Still a some overdispersion in the ZIP. Let’s try a ZINB

\(Counts_i \sim ZINB(\mu_i, \pi_i)\) *Not actually sure how to formulate this part for ZINB??*

\(E(Counts_i) = \mu_i * (1-\pi_i)\)

\(var(Counts_i) = (1-\pi_i) * (\mu_i + \pi_i^{2}/k) + \mu_i^{2} * (\pi_i^{2} + \pi_i)\)

\(log(\mu_i) = \beta_1 + \beta_2 * Canopy.std\)

\(log(\pi_i) = \gamma_1 + \gamma_2 * Canopy.std\)

```
M4 <- zeroinfl(Counts ~ Canopy.std |
Canopy.std,
dist = 'negbin',
data = OBFL)
summary(M4)
```

```
##
## Call:
## zeroinfl(formula = Counts ~ Canopy.std | Canopy.std, data = OBFL,
## dist = "negbin")
##
## Pearson residuals:
## Min 1Q Median 3Q Max
## -1.1964 -0.6732 -0.4155 0.5077 3.9661
##
## Count model coefficients (negbin with log link):
## Estimate Std. Error z value Pr(>|z|)
## (Intercept) 0.4323 0.1737 2.489 0.01280 *
## Canopy.std 0.5892 0.1710 3.446 0.00057 ***
## Log(theta) 0.8332 0.3672 2.269 0.02326 *
##
## Zero-inflation model coefficients (binomial with logit link):
## Estimate Std. Error z value Pr(>|z|)
## (Intercept) -3.082 1.481 -2.081 0.0374 *
## Canopy.std -2.725 1.238 -2.201 0.0278 *
## ---
## Signif. codes: 0 '***' 0.001 '**' 0.01 '*' 0.05 '.' 0.1 ' ' 1
##
## Theta = 2.3008
## Number of iterations in BFGS optimization: 18
## Log-likelihood: -168.4 on 5 Df
```

```
# Dispersion Statistic
E2 <- resid(M4, type = "pearson")
N <- nrow(OBFL)
p <- length(coef(M4)) + 1 # '+1' is due to theta
sum(E2^2) / (N - p)
```

`## [1] 0.992081`

This is really close to 1, which looks great.

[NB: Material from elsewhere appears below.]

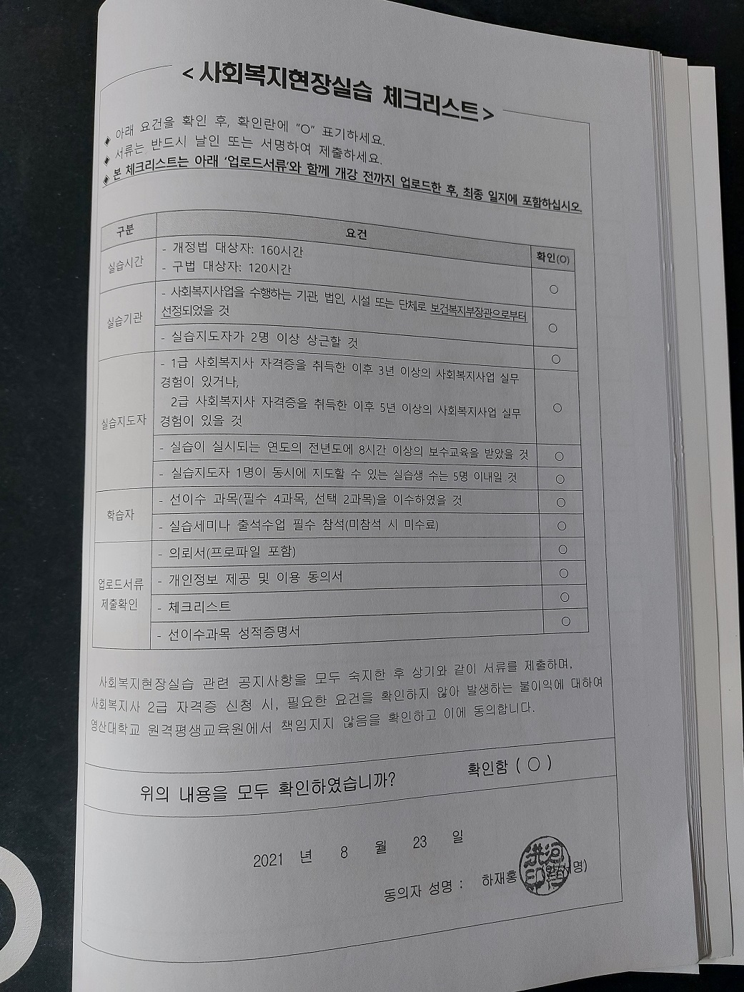 사회복지사 시험 후 현장실습 핵심 서류
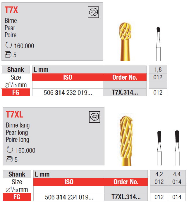 Vrtáky z karbidu volfrámu hruškovitého tvaru na odstraňovanie amalgámu, T7X kratší / T7XL dlhší, veľkosti 012 a 014, mandrel FG.

We can compare the two zero-inflated models using the Likelihood ratio test

`lrtest(M3, M4)`

```
## Likelihood ratio test
##
## Model 1: Counts ~ Canopy.std | Canopy.std
## Model 2: Counts ~ Canopy.std | Canopy.std
## #Df LogLik Df Chisq Pr(>Chisq)
## 1 4 -177.14
## 2 5 -168.37 1 17.538 2.816e-05 ***
## ---
## Signif. codes: 0 '***' 0.001 '**' 0.01 '*' 0.05 '.' 0.1 ' ' 1
```

Results show that the second model- the ZINB- is the best choice. So let’s stick with this model and plot the results

- When might you add differet covariates into the Bernoulli vs Poisson/NB portion of Zero-inflated models?

- How close to 1 do dispersion statistics need to be?
- Anyone have experience with the two-step Zero-Altered models?